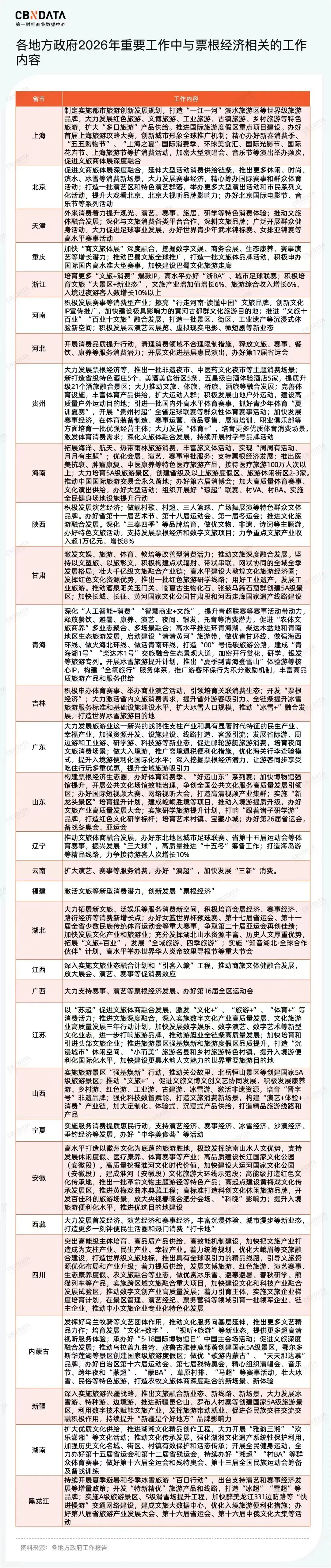 票根经济今年已经成了多地政府工作报告的高频词。江苏提到,“跟着苏超游江苏”等品牌活动彰显引流效应。安徽表示加强消费券、“票根”跨领域联动。北京则明确要“促进文商旅体展深度融合,延伸大型活动消费供给链条”。
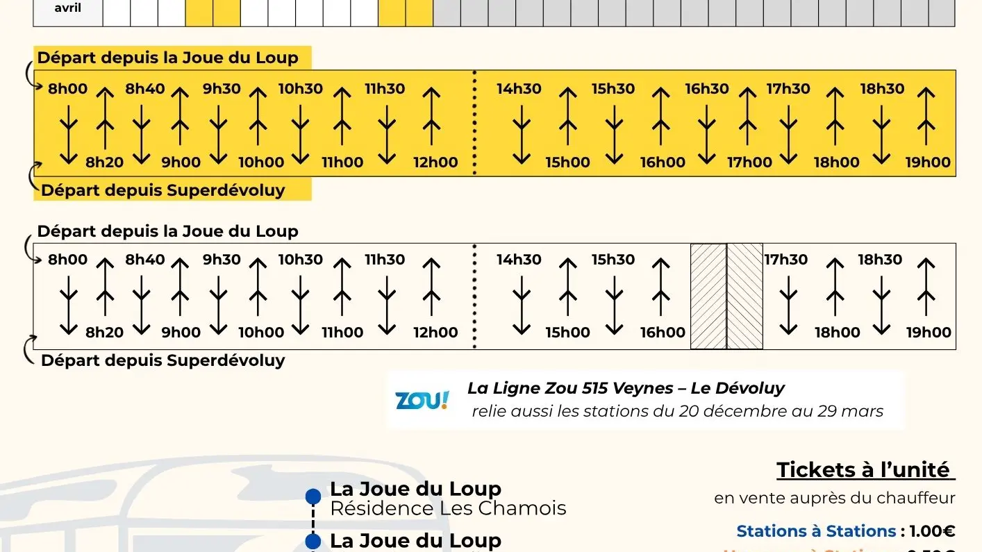 Useful: the ZOU 515 shuttle (link available at the bottom of the page) also runs between the Dévoluy resorts, but at different times. Consult this line's timetable to find a time that suits you best.
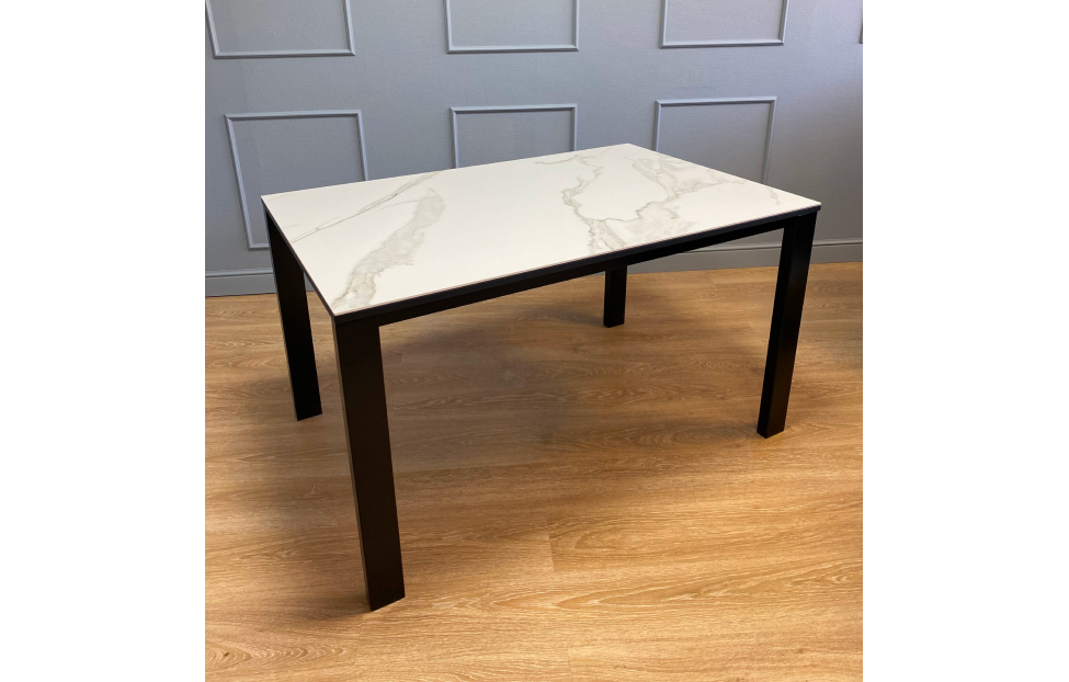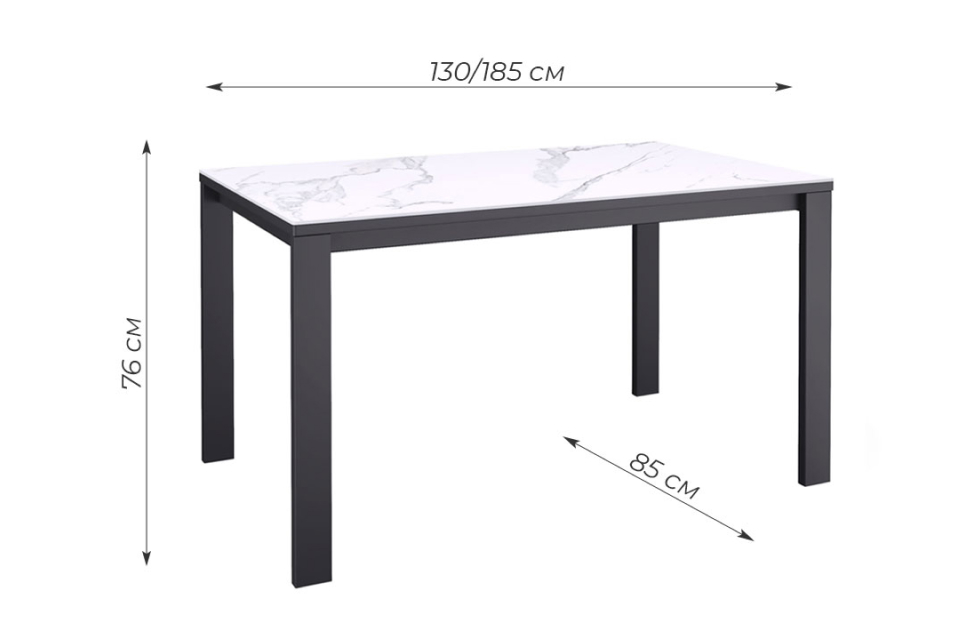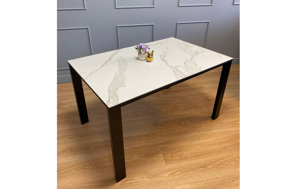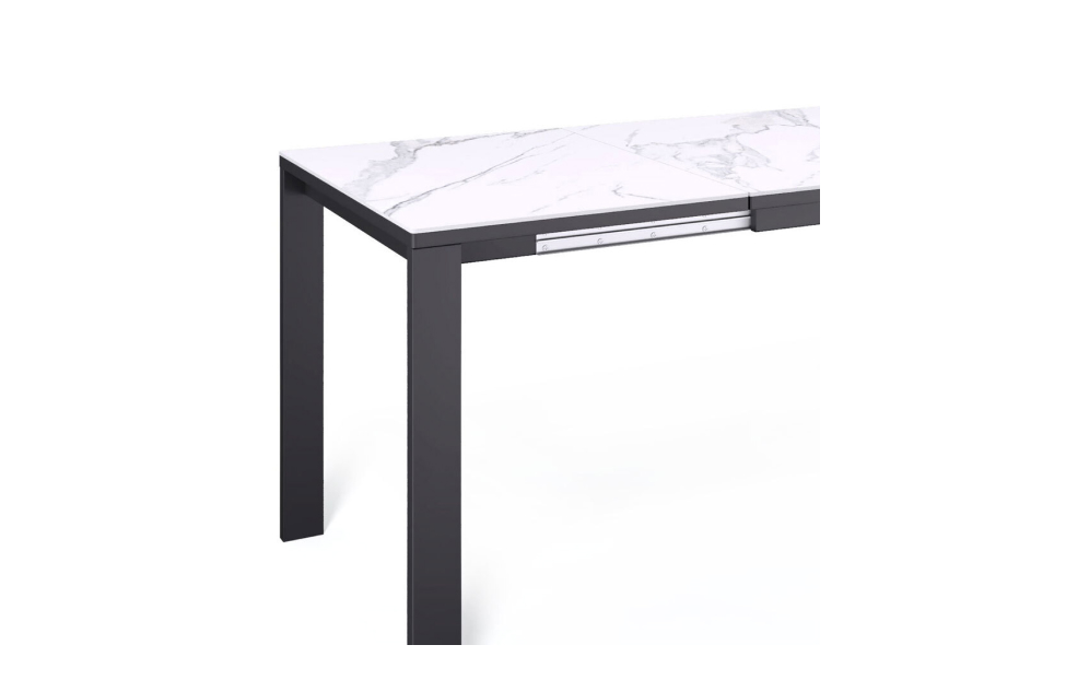 Стол обеденный Легро раздвижной черный/керамика мрамор белый
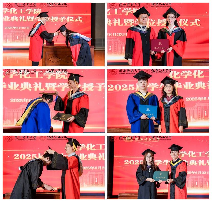 2025届博士毕业生代表李京晟和本科毕业生代表李文梓发言。他们表示将秉承学校“西部红烛两代师表”精神,牢记学院“包容、务实、创新、精进”使命,在各自岗位上发光发热,书写陕师大化学人的时代华章。
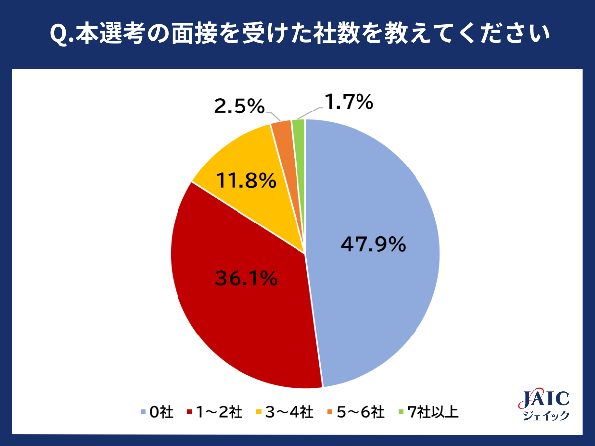 「本選考の面接を受けた社数を教えてください」と質問したところ、「0社」が47.9%、「1~2社」が36.1%、「3~4社」が11.8%、「5~6社」が2.5%、「7社以上」が1.7%となり、全体の5割以上(52.1%)が1社以上の面接選考に進んでいる結果となりました。
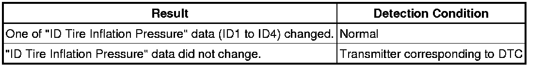 (j) When the "ID Tire inflation Pressure" data (ID1 to ID4) has changed, repeat this procedure to identify the tire pressure warning valve and transmitter that corresponds to the DTC.
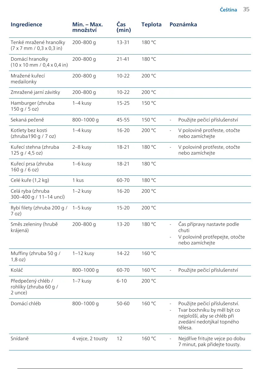 200–800g 13-20 180°C - Čas přípravy nastavte podle
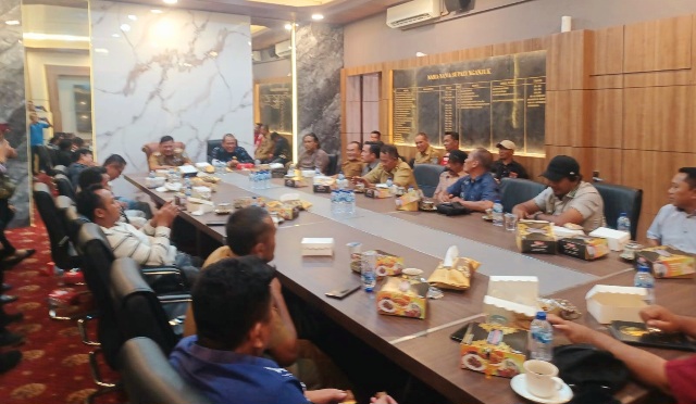 Bupati Nganjuk Marhaen Djumadi menggelar rapat bersama 52 Kepala Desa dan DPC PJI Kabupaten Nganjuk, Senin (22/9). Foto: istimewa

:::::

=== Try it ===
Copy only these lines from the records above, exactly: the one with "Useful: the ZOU", the one with "Стол обеденный Легро", and those between. Skip the pictures.

=== Solution for this problem ===
 Useful: the ZOU 515 shuttle (link available at the bottom of the page) also runs between the Dévoluy resorts, but at different times. Consult this line's timetable to find a time that suits you best.
 Стол обеденный Легро раздвижной черный/керамика мрамор белый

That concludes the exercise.